SUPPLIED DATA -

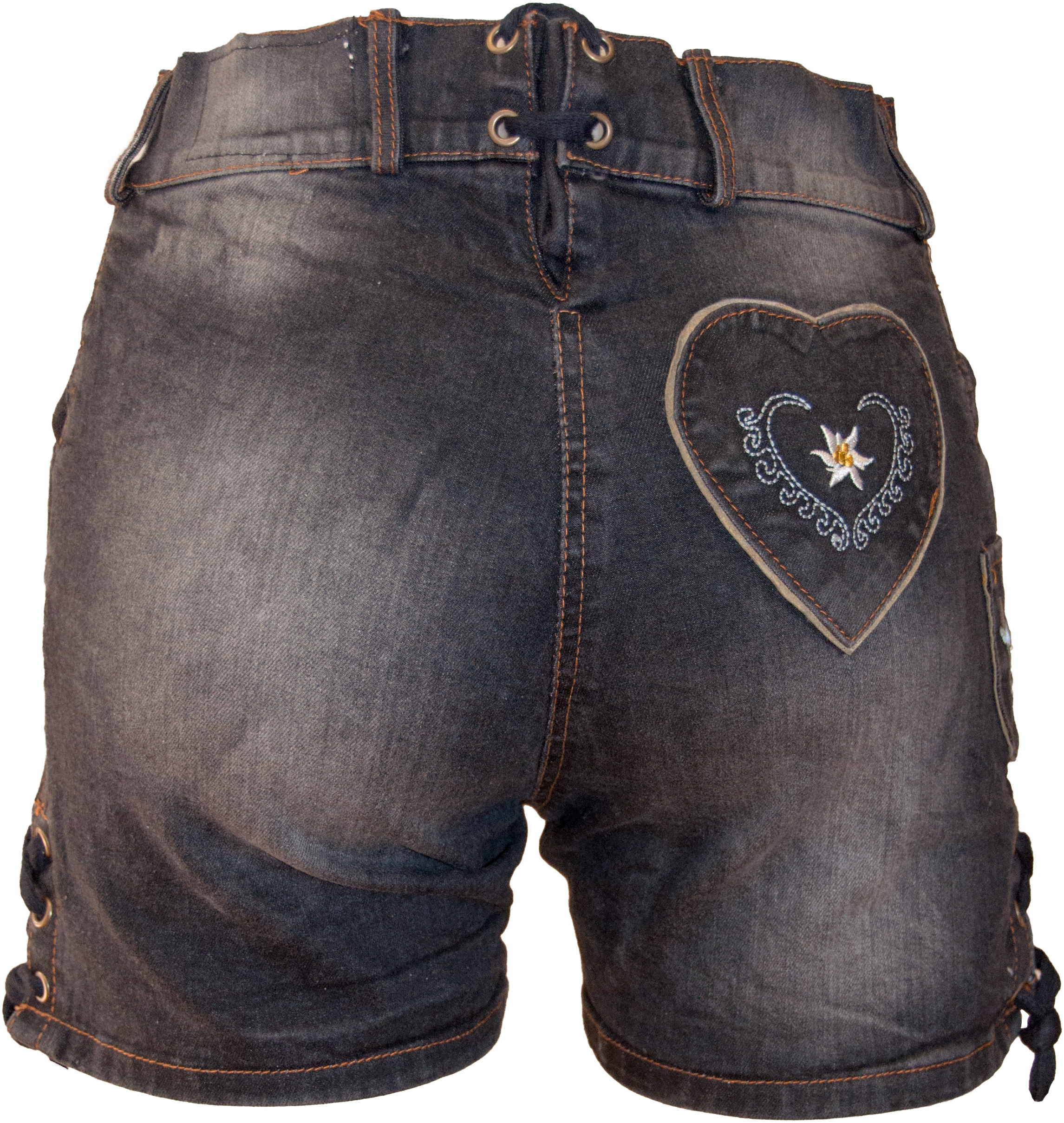 Almwerk Damen Lederhose Gina - Kurze Trachtenjeans In Blau/Schwarz Mit Stretch
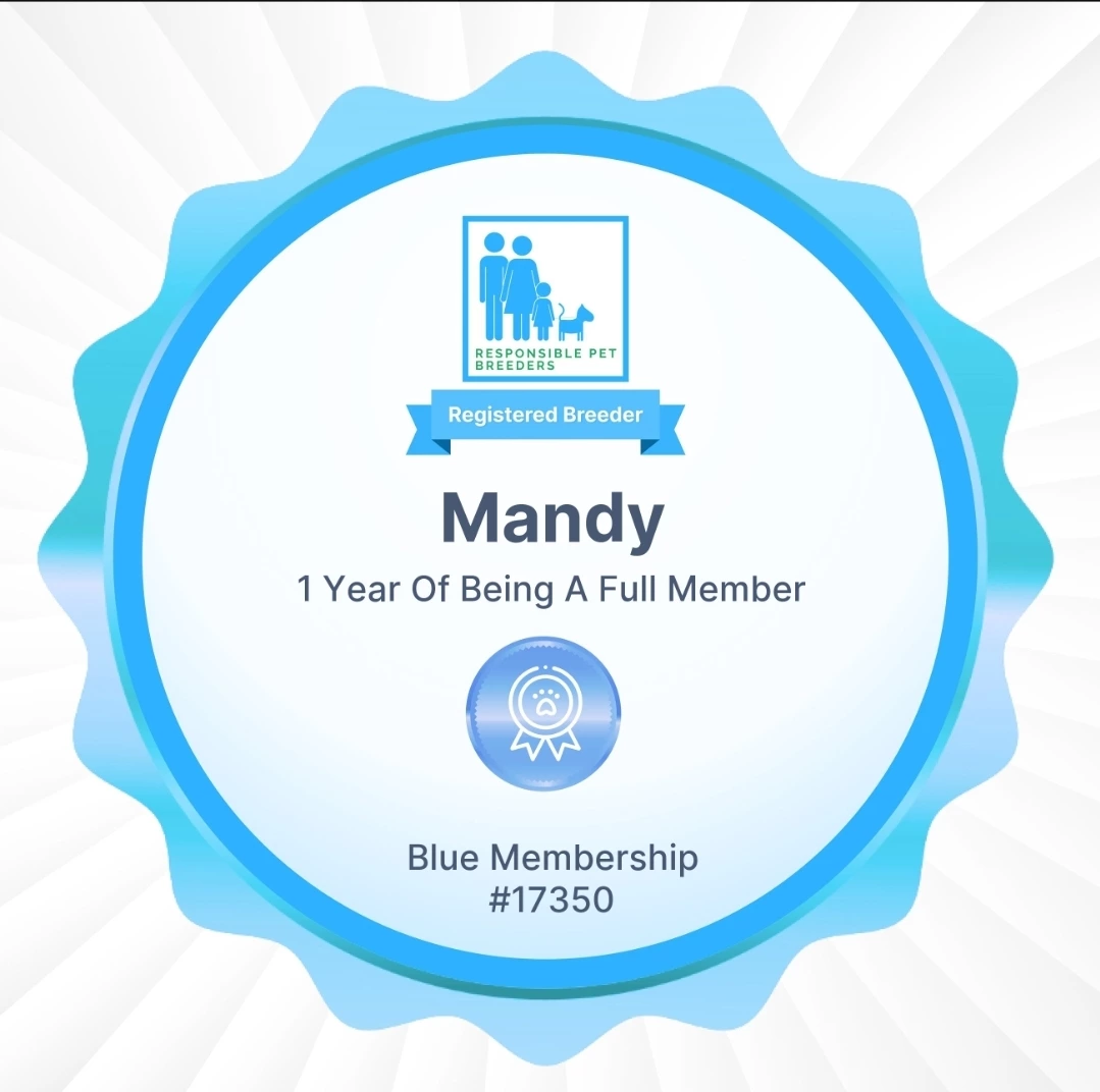 My grandpups are handled and weighed from birth. Exposed to a healthy variety of stimuli, including toys, textures, noises, puppy games, cats/ birds, children and toddlers and family.
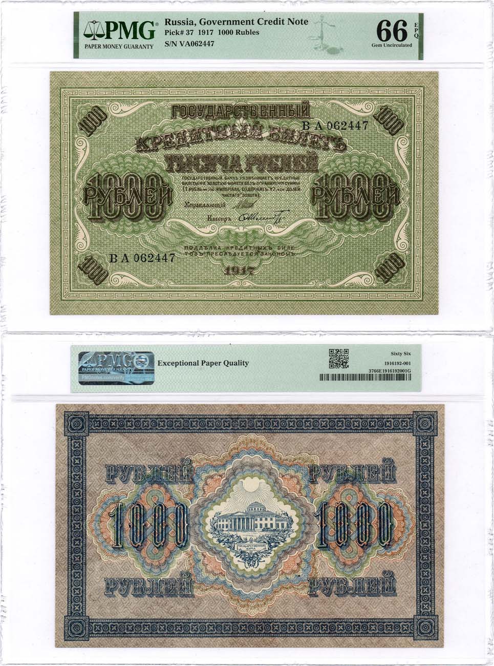 Топ Грейд. По данным PMG известно всего 20 банкнот с грейдом 66 EPQ Gem Uncirculated.
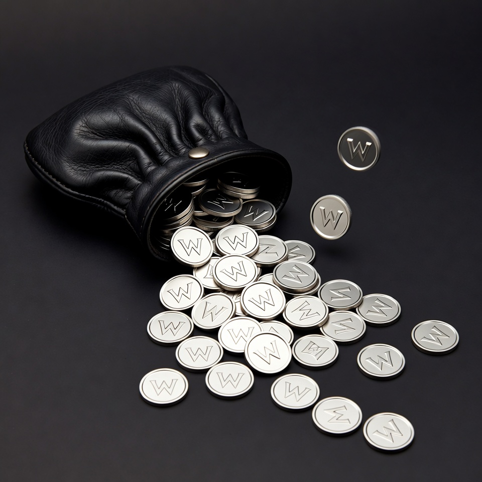 A black leather drawstring pouch is tilted open on a dark background, spilling out numerous shiny silver coins engraved with the letter W. Some coins are falling mid-air while others are scattered below the pouch. The coins have a metallic gleam against the black backdrop.
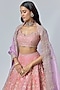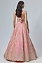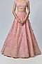Featuring a coral pink lehenga in organza base. It is paired with a blouse and a dupatta. Accentuate it with statement jewellery, low bun and heels for a wedding or engagement ceremony.
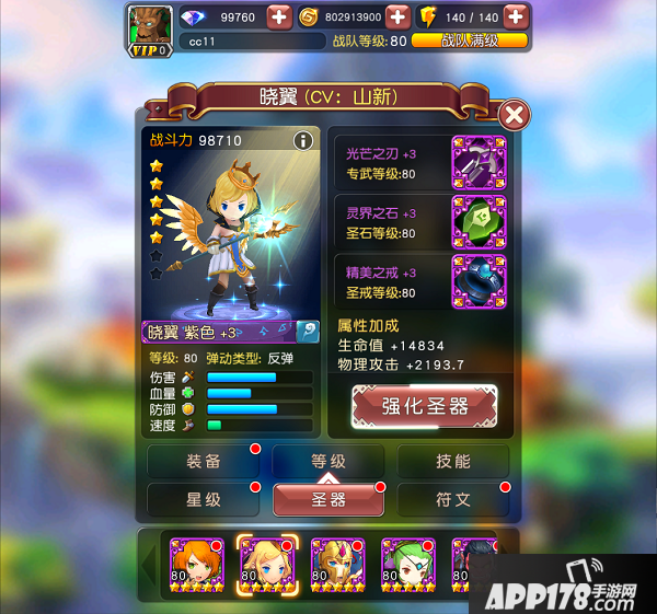 每个英雄有3个圣器栏位,对应为专属武器,圣器之石,圣灵之戒,开放圣器后自动获得,无需装备。
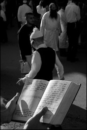 UKRAINE. Uman. Jews celebrate Rosh Hashana (the religious New Year) by a pilgrimage on the tomb of Rabbi NACHMAN of Breslov. Pages of the Torah studied by a pilgrim in front of the rabbi's tomb.
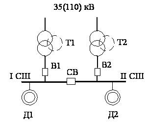 У схемы ЗРУ-6(10) кВ по рисунку 1.6 два недостатка. Первый - при большой мощности трансформаторов Т1 и Т2 их сопротивление становится настолько малым, что ток КЗ на шинах 6(10) кВ может превысить допустимые значения. Второй недостаток – в схеме по рисунку 1.6 не ограничиваются токи подпитки, посылаемые в точку КЗ электродвигателями Д1 и Д2. При выключенном вводном выключателе В1 или В2 и включенном секционном выключателе СВ в месте КЗ будет протекать ток подпитки от всех рабочих электродвигателей 1-й и 2-й секций шин (СШ). Как уже отмечалось выше, ток подпитки от одного электродвигателя примерно равен его пусковому току. При мощности 4000 кВт и напряжении 6 кВ пусковой ток равен примерно 430 А (таблица 1.1). При кратности пускового тока 8.0 ток подпитки от одного электродвигателя будет порядка 3440 А При трех рабочих электродвигателях ток подпитки будет 10320 А. При мощности электродвигателей 8000 кВт ток подпитки от электродвигателей может достигать 20 кА и более. В точке КЗ этот ток суммируется с током, посылаемым в точку КЗ энергосистемой. Поэтому при большой мощности трансформаторов Т1 и Т2 либо при большой мощности электродвигателей МНА (4000 кВт и более) в схеме 1.6 могут потребоваться дополнительные мероприятия по ограничению токов КЗ..

WHAT IS REQUIRED -
Output the records above as they stand, from the first line to the line with "Featuring a coral", inclusive, and exclude the pictures.

OUTPUT OF THE EXERCISE -
 Almwerk Damen Lederhose Gina - Kurze Trachtenjeans In Blau/Schwarz Mit Stretch
 My grandpups are handled and weighed from birth. Exposed to a healthy variety of stimuli, including toys, textures, noises, puppy games, cats/ birds, children and toddlers and family.
 Топ Грейд. По данным PMG известно всего 20 банкнот с грейдом 66 EPQ Gem Uncirculated.
 A black leather drawstring pouch is tilted open on a dark background, spilling out numerous shiny silver coins engraved with the letter W. Some coins are falling mid-air while others are scattered below the pouch. The coins have a metallic gleam against the black backdrop.
Featuring a coral pink lehenga in organza base. It is paired with a blouse and a dupatta. Accentuate it with statement jewellery, low bun and heels for a wedding or engagement ceremony.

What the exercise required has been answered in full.